ARIA, PPCA, APRA AMCOS, the Australian Publishers Association, the Australia New Zealand Screen Association, the AWG Collecting Society, the Copyright Agency, Free TV Australia, The Guardian Australia, and News Corp Australia supported the media and creative figures.
In a statement, Attorney General Michelle Rowland said the federal government has “no plans to weaken copyright protections” against AI companies.
“The Government has been clear for some time that there are no plans to weaken copyright protections when it comes to AI. This includes explicitly ruling out a Text and Data Mining exception, which I was extremely proud to announce last year,” she shared.

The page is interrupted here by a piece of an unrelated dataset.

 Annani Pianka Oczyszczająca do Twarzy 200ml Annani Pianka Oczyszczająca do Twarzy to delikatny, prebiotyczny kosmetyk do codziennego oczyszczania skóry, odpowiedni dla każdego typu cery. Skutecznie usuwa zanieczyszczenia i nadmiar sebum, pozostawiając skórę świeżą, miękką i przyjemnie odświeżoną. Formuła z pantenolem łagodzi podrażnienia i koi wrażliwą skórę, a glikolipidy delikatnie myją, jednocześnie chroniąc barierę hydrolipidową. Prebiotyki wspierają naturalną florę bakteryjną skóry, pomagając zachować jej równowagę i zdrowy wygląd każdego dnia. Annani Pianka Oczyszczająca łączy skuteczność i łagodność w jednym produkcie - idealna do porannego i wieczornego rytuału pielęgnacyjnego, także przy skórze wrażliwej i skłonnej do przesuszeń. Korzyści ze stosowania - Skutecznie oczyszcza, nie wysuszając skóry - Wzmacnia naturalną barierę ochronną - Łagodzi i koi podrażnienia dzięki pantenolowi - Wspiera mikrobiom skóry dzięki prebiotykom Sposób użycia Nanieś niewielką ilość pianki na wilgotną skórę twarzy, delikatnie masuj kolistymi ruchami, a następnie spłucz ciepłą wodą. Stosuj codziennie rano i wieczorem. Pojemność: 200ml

Rebecca Costello said that when journalists’ work is taken without permission or compensation, “the impact is fewer journalists, fewer newsrooms and less public interest journalism.”
“We invest everything in journalism,” Costello shared. “When that work is taken and used without compensation, the impact is fewer journalists, fewer newsrooms and less public interest journalism. No market operates when you can take something for free and then charge for it. Licensing is happening, and it has to, because the alternative is the erosion of the journalism that feeds these models in the first place.”

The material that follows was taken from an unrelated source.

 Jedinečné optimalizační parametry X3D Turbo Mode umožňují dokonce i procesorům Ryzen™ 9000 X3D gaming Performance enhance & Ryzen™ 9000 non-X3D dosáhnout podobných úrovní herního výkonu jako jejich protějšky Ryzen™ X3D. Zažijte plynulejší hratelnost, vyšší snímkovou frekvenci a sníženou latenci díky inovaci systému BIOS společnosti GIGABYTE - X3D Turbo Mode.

Jonathan Dworkin concurred with Costello’s point, noting partnerships with AI in the music industry, such as UMG and Udio, as ways for the industry to take back control, as it did in the days of Napster and rampant piracy.
“We didn’t defeat piracy by turning off the internet,” Dworkin said. “Ultimately, we prevailed because streamers built a better product than piracy. That’s what we hope to do with AI.”

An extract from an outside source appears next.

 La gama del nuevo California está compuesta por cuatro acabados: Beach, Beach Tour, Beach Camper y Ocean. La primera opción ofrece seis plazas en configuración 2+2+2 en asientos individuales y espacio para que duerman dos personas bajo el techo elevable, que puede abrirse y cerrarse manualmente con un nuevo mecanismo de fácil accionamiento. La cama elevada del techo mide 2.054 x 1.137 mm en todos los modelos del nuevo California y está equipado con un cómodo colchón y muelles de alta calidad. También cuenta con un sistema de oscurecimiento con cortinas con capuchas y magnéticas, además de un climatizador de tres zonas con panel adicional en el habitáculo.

Charlie Chan added that the creative sector already has the technology to “licence things properly” and protect the work of artists.
“We actually have the technology we need to license things properly, to protect content and find where everything is,” Chan said. “We cannot fall into a homogenised experience of all of our creativity. Australia has something truly unique – a thousand generations of First Nations culture – and we have a responsibility to protect it.”
Professor Edward Santow urged the government to protect the creative and media sectors in the AI landscape.
“We need government to play the role of government: to ensure there is a fair market so that organisations can participate fairly, and to protect the population,” Santow said. “Australians have among the lowest levels of trust in the world when it comes to AI, not because we are scared of technology – the opposite, we tend to be among the earliest adopters – but because people can see when technology goes wrong.”
Creative Australia has noted that Australia’s creative sector contributes $67 billion to the national economy, and that licensing arrangements in the age of AI are emerging across journalism, music, publishing, and visual media.